_COLLECTED MATERIAL_:
= Beginning of Section =
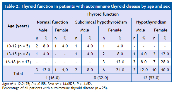 Table 2 compares thyroid function in patients with autoimmune thyroid disease by age and sex. In the comparison by age, we found that older patients had a greater degree of thyroid dysfunction compared to younger patients, with 9 (36.0%) of the 13 patients with hypothyroidism aged more than 16 years, 4 (16.0%) aged 13 to 15 years, and none aged 10 to 12 years. When it came to sex, there was a predominance of female patients, who amounted to 17 of these patients (68.0%).
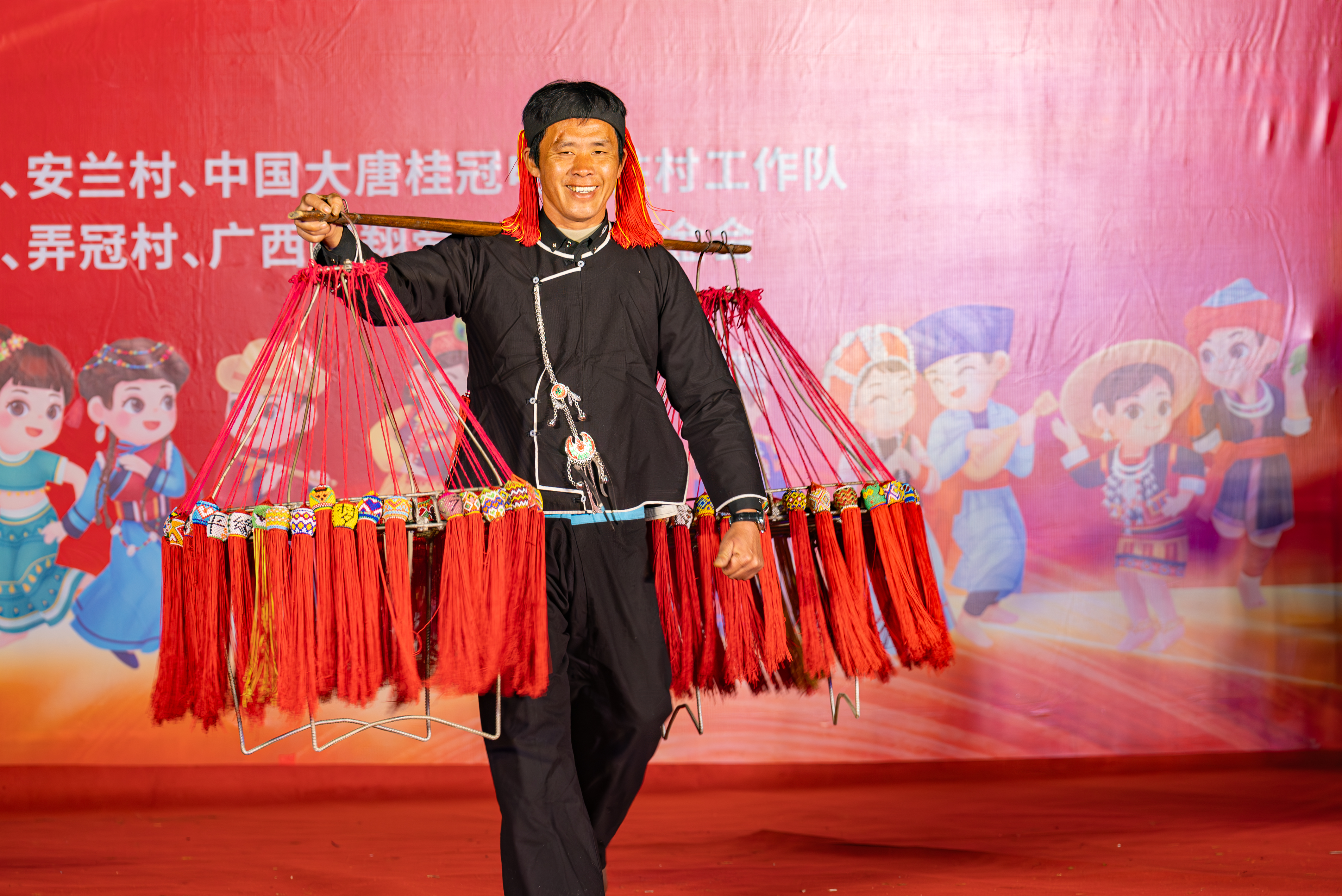 晚会高潮由板兰村弄英屯的康凡老师与其他学生带来。这位曾获得梦想剧场冠军、现任巴马县第五小学的音乐老师,用瑶话和普通话交织演绎《飞歌迎宾》《家乡》《我要抱着你》等歌曲,那悠扬深沉的歌声如山间百灵般,载着游子对故土的眷恋,温暖了每一个人的心灵。
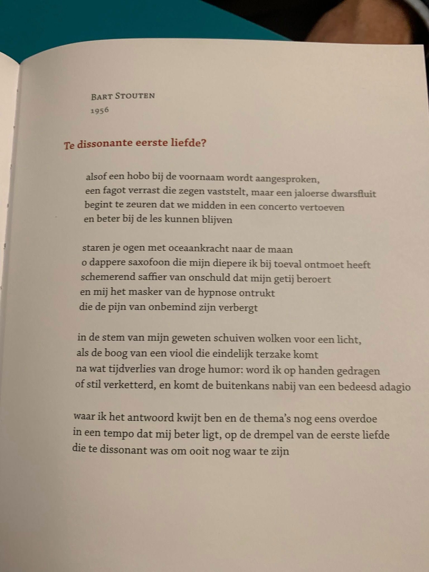 Links zie je mijn muziekgedicht dat geselecteerd werd voor de bloemlezing 'Weet jij de wijs nog en de woorden', van bloemlezers René Smeets en Johan van Cauwenberge. (Uitgeverij P). Ik ben in goed gezelschap: Vondel, Bertus Aafjes, Guido Gezelle, Hugo Claus, Anna Enquist en Leonard Nolens. Maar ook Federico Garcia Lorca, Aleksandr Poesjkin, Tomas Tranströmer... wat een eer!
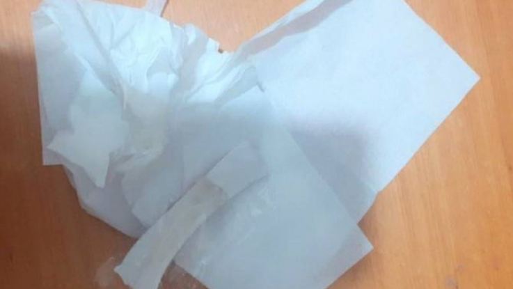 Ինչպես հայտնեցին ՀՀ ԱՆ քրեակատարողական ծառայության հանրային կապերի բաժնից, զննությամբ անձեռոցիկի տուփում հայտնաբերվել է ենթադրաբար թմրամիջոցով ներծծված, մաշկային կպչուն երկու ժապավեն (կիրառվում է մաշկից արյան մեջ ներթափանցելու կամ ժապավենը ջրում եռացնելու արդյունքում ստացված հեղուկը ներարկելու եղանակով):
= End of Section =
_ASSIGNMENT_: Reproduce word for word, with pictures dropped, only the part of the material above that opens with the line containing "晚会高潮由板兰村弄英屯的康凡" and closes with the line containing "Links zie je".

_EXERCISE OUTPUT_:
 晚会高潮由板兰村弄英屯的康凡老师与其他学生带来。这位曾获得梦想剧场冠军、现任巴马县第五小学的音乐老师,用瑶话和普通话交织演绎《飞歌迎宾》《家乡》《我要抱着你》等歌曲,那悠扬深沉的歌声如山间百灵般,载着游子对故土的眷恋,温暖了每一个人的心灵。
 Links zie je mijn muziekgedicht dat geselecteerd werd voor de bloemlezing 'Weet jij de wijs nog en de woorden', van bloemlezers René Smeets en Johan van Cauwenberge. (Uitgeverij P). Ik ben in goed gezelschap: Vondel, Bertus Aafjes, Guido Gezelle, Hugo Claus, Anna Enquist en Leonard Nolens. Maar ook Federico Garcia Lorca, Aleksandr Poesjkin, Tomas Tranströmer... wat een eer!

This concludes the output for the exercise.